Jadi apabila kita makan pada jam 24:00 (jam 12 malam) atau sedikit setelah itu tidaklah dapat dinamakan “bersahur (mengerjakan makan sahur)”.

Adapun yang dinamakan makan sahur adalah sebagaimana yang dilakukan Rasulullah SAW pada riwayat di bawah ini :

Dari Anas dari Zaid bin Tsabit, ia berkata, “Kami pernah bersahur bersama Rasulullah SAW kemudian kami mengerjakan shalat (shubuh)”. Aku (Anas) bertanya kepada Zaid. “Berapa tempo antara keduanya?” Zaid menjawab, “sekadar membaca 50 ayat Al-Qur’an”. [HR. Ahmad, Bukhari dan Muslim].

HIKMAH SAHUR

Diriwayatkan oleh Ahmad dari Abu Sa’id bahwa Nabi SAW bersabda :

Sahur itu suatu berkah. Maka janganlah kamu meninggalkannya, Walaupun hanya dengan meneguk seteguk air, karena sesungguhnya Allah dan Malaikat-Nya bershalawat atas orang yang bersahur. [HR. Ahmad]

Diriwayatkan oleh muslim dari ‘Amr bin ‘Ash bahwa Rasulullah SAW bersabda :

Yang membedakan antara puasa Kita dengan puasa Ahli kitab ialah makan sahur. [HR. Muslim].

KERAGUAN TENTANG WAKTU SAHUR

Bila seseorang ragu apakah telah habis waktu ataukah belum, maka ia diperbolehkan makan dan minum hingga nyata-nyata baginya bahwa waktu sahur telah habis dan masuk waktu shubuh.
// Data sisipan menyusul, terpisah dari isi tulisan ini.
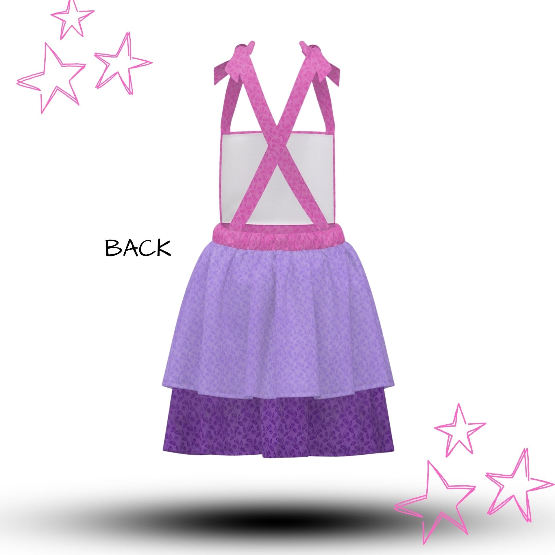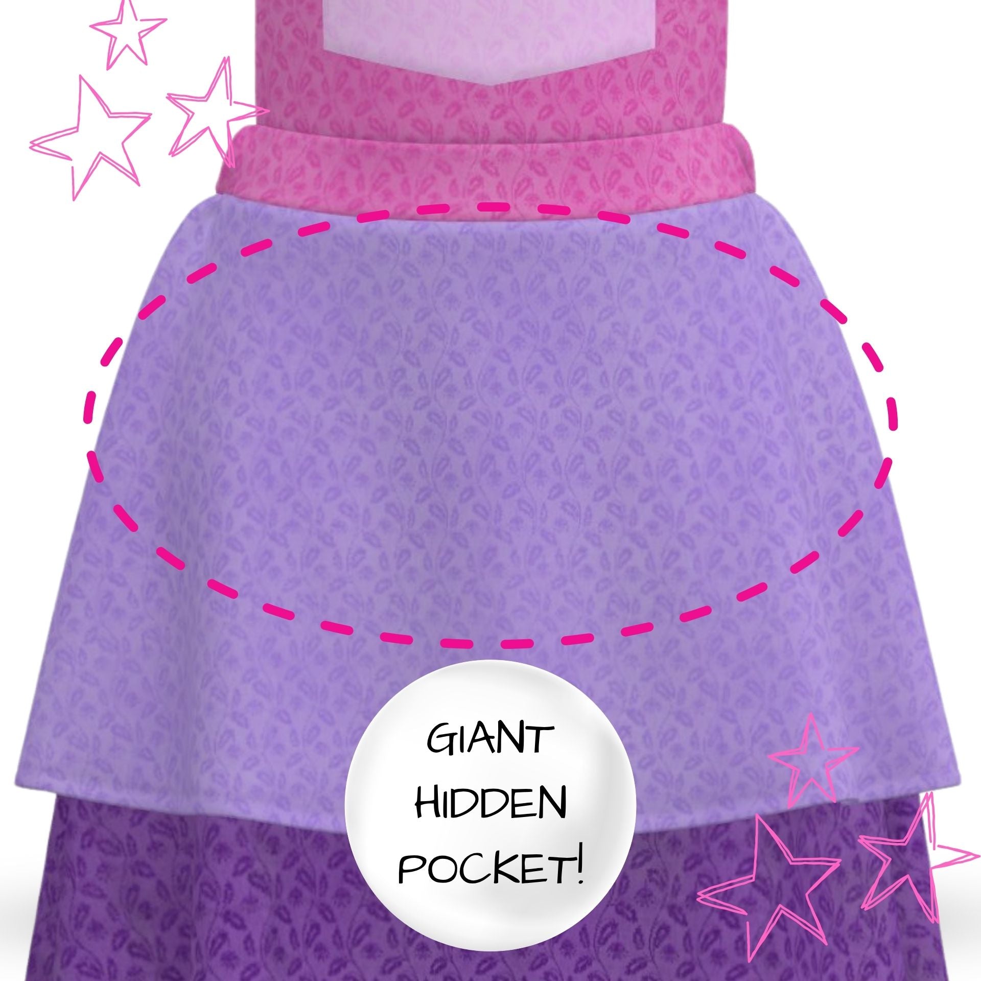 Features: Hidden kangaroo pocket, adjustable straps, chest pocket, elastic waist, 2-teir ruffle circle skirt
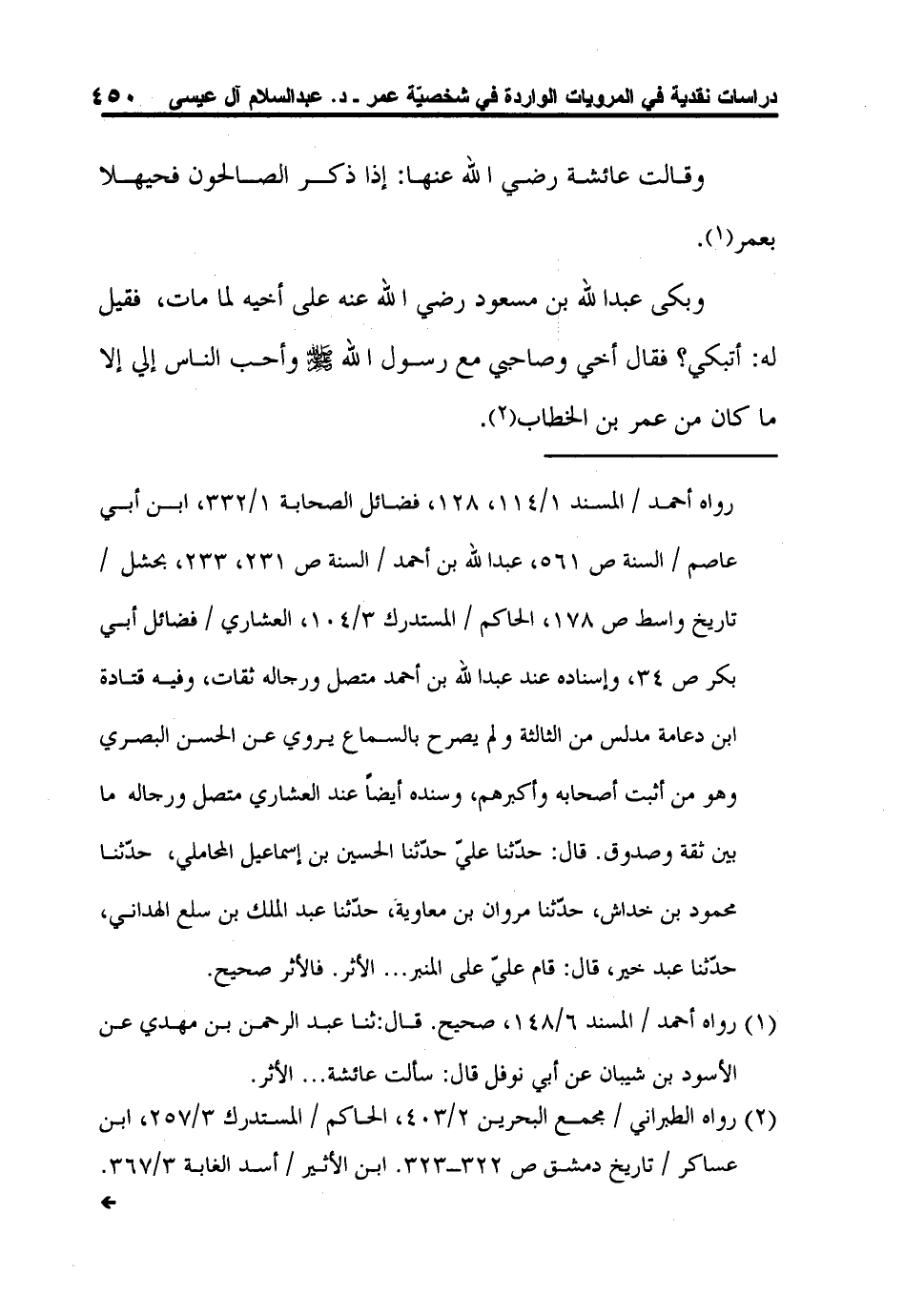 2 رواه الطبراني / مجمع البحرين 2/403، الحاكم / المستدرك 3/257، ابن عساكر / تاريخ دمشق ص 322-323. ابن الأثير / أسد الغابة 3/367. ومدار الأثر على محمّد بن ربيعة الكلابي وثقه ابن معين وأبو داود. وقال ابن حجر: صدوق تق: 478. وبقية رجاله عند الحاكم ثقات. فالأثر صحيح.

Firman Allah :

Dan makanlah, minumlah, sehingga nyata kepadamu benang putih dari pada benang hitam yaitu fajar. [QS. Al-Baqarah : 187]

Dari ayat diatas jelaslah bahwa Allah memperkenankan makan dan minum, sehingga nyata benar terbitnya fajar.

ADAB BERBUKA

Diriwayatkan oleh Ahmad, Bukhari, Muslim dan Abu Dawud dari sahl bin ‘Adi bahwa Rasulullah SAW bersabda :

“Senantiasa manusia dalam kebajikan selama mereka segera berbuka”

Diriwayatkan oleh Tirmidzi dari Abu Hurairah bahwa Rasulullah SAW bersabda :

Berfirman Allah ‘Azza wa Jalla (artinya), “Yang paling Ku sayangi dari hamba-hamba-Ku, ialah yang paling segera berbuka”. [HR. Tirmidzi dari Abu Hurairah].

Diriwayatkan oleh  Ibnu Abdil bin Barr dari Anas bin Malik, katanya :

Tidak pernah aku melihat walau sekali Rasulullah SAW shalat maghrib lebih dahulu sebelum berbuka, walaupun hanya seteguk air. [HR. Ibnu Abdil Barr dari Anas bin Malik].

Diriwayatkan oleh Abu Dawud, Ahmad dan Tirmidzi dari Anas, sebagai berikut :

Adalah Rasulullah SAW berbuka dengan kurma basah sebelum shalat (Maghrib), jika tidak ada kurma basah, maka beliau berbuka dengan kurma kering, dan jika tidak ada kurma kering, beliau menyendok beberapa sendok air. [HR. Abu Dawud, Ahmad dan Tirmidzi]
Adalah Rasulullah SAW suka berbuka puasa dengan tiga biji korma atau sesuatu yang tidak dimasak dengan api. [HR. Abu Ya’la dari Anas]

Rasulullah SAW bersabda :

Apabila seseorang diantara kalian berbuka, maka hendaklah ia berbuka dengan korma. Jika ia tidak memperoleh korma. Hendaklah ia berbuka dengan air, karena air itu bersih dan membersihkan. [HR. Abu Dawud dan At-Tirmidzi dari Sulaiman bin ‘Amir]

KESIMPULAN :

Hadits-hadits diatas menerangkan kepada kita, bahwa apabila kita berbuka puasa maka disunatkan untuk :

 1. Menyegerakan berbuka.
 2. Sebelum shalat maghrib kita berbuka dahulu walaupun dengan seteguk air.
 3. Berbuka dengan tiga biji korma, bila tidak ada, dengan sesuatu makanan yang manis dan     tidak dimasak dengan api. Seperti : pisang, pepaya, nanas dan lain-lain.
 4. Bila tidak ada buah-buahan maka disunatkan kita untuk berbuka dengan air.
 5. Dan dikala berbuka dituntunkan untuk membaca do’a seperti berikut :

Dzahabadh-dhoma-u wabtallatil ‘uruuqu wa tsabatal ajru, insyaa-allooh (Haus telah hilang, urat-urat telah basah dan semoga pahala tetap didapatkan. Insya Allah. [HR. Abu Dawud juz 2, hal. 306, dari Ibnu Umar].